NetApp is very costly per $ versus traditional file storage. But the
Data OnTap OS with WAFL filesystem was basically designed by 2 of Sun's
original NFS designers. WAFL works very different than most traditional
UNIX server filesystems.
The WAFL filesystem has a couple of different modes for network
filesystem protocol access. One catered towards NFS, another catered
towards SMB -- but you can access from both simultaneously, there are
just considerations.
Solaris/x86-64 has a good bang-for-the-buck, and UFS supports quotas as
well as Samba 3 ACLs. I haven't used their new filesystem with Samba
though (anyone, anyone?).
> I'm doing CentOS on servers these days, but I presume ext3 is not the
> best choice in this case. Previous postings of yours suggest XFS is the
> way to go. However, it seems hard to find an enterprise class linux
> distro with XFS incorporated?
Unfortunately, I'm finding it difficult to recommend XFS on Linux at
this point. Not until Red Hat gets serious about it.
> And how does a FreeBSD solution compare to linux/ext3 or linux/xfs?

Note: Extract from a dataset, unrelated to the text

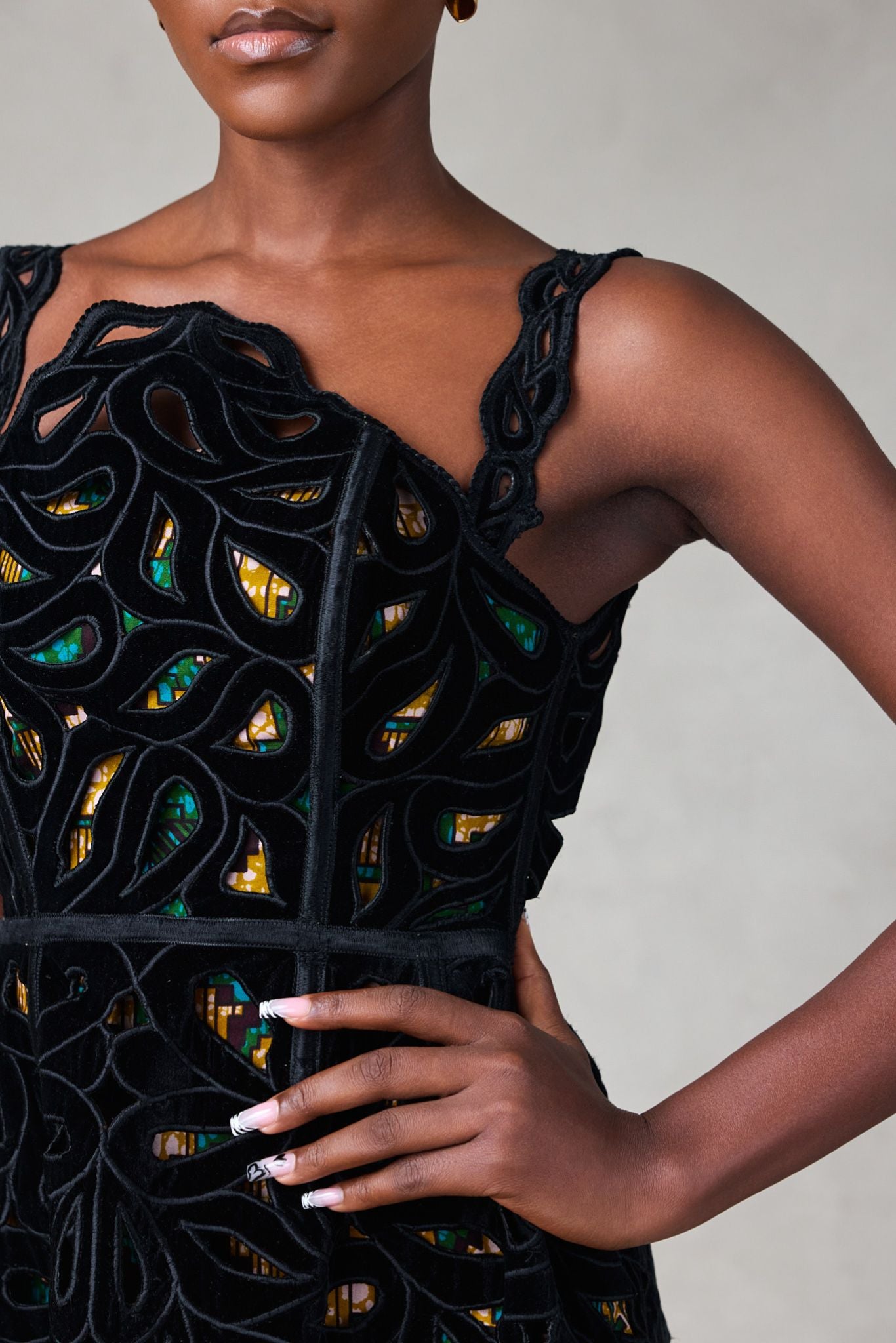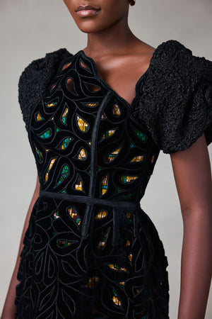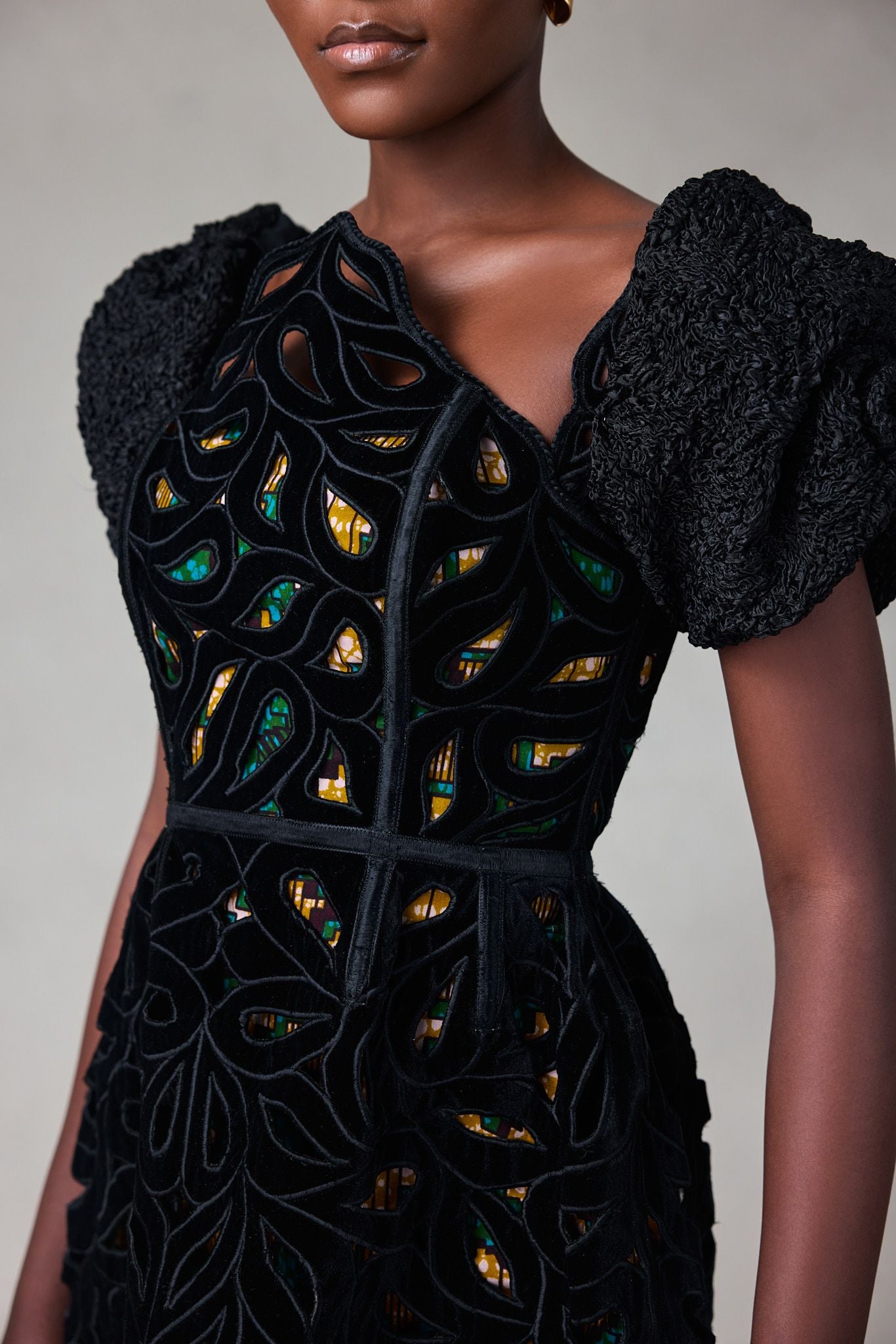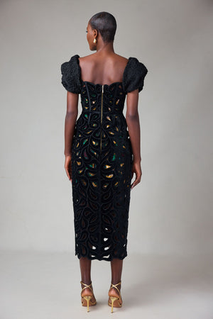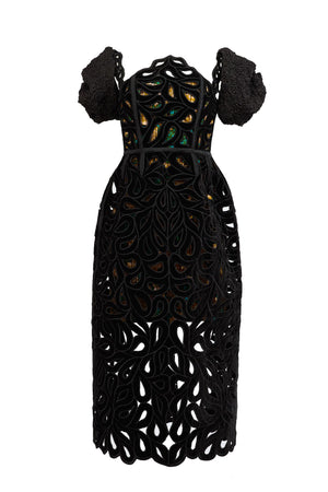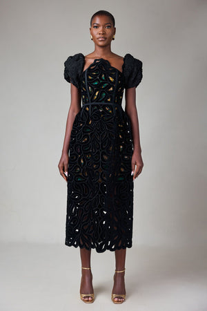 HAND EMBROIDERED MIDI DRESS WITH DETACHABLE SLEEVES

XFS is being ported to FreeBSD, as some of the licensing issues have
been worked out. But I wouldn't trust it anywhere close to even Linux
at this point.
I'm a little outta date on FreeBSD and Samba, the last time I used Samba
on FreeBSD was version 2.2 several years ago (yes, yes, I know, quite
hypocritical for the guy who wrote the BSD appendix in "Samba Unleashed"
-- but that was 5 years ago).
> What are the considerations in case of a NAS filer instead of a raid-box
> connected to hostmachine?
Nothing really. I mean, you traditionally don't have full
shell/filesystem access in a NetApp filer, and you need a "sister admin
system" (one system with special mounts) to administer some "/etc"
files, but otherwise, they are pretty nice.
Especially for fail-over, but it'll cost you.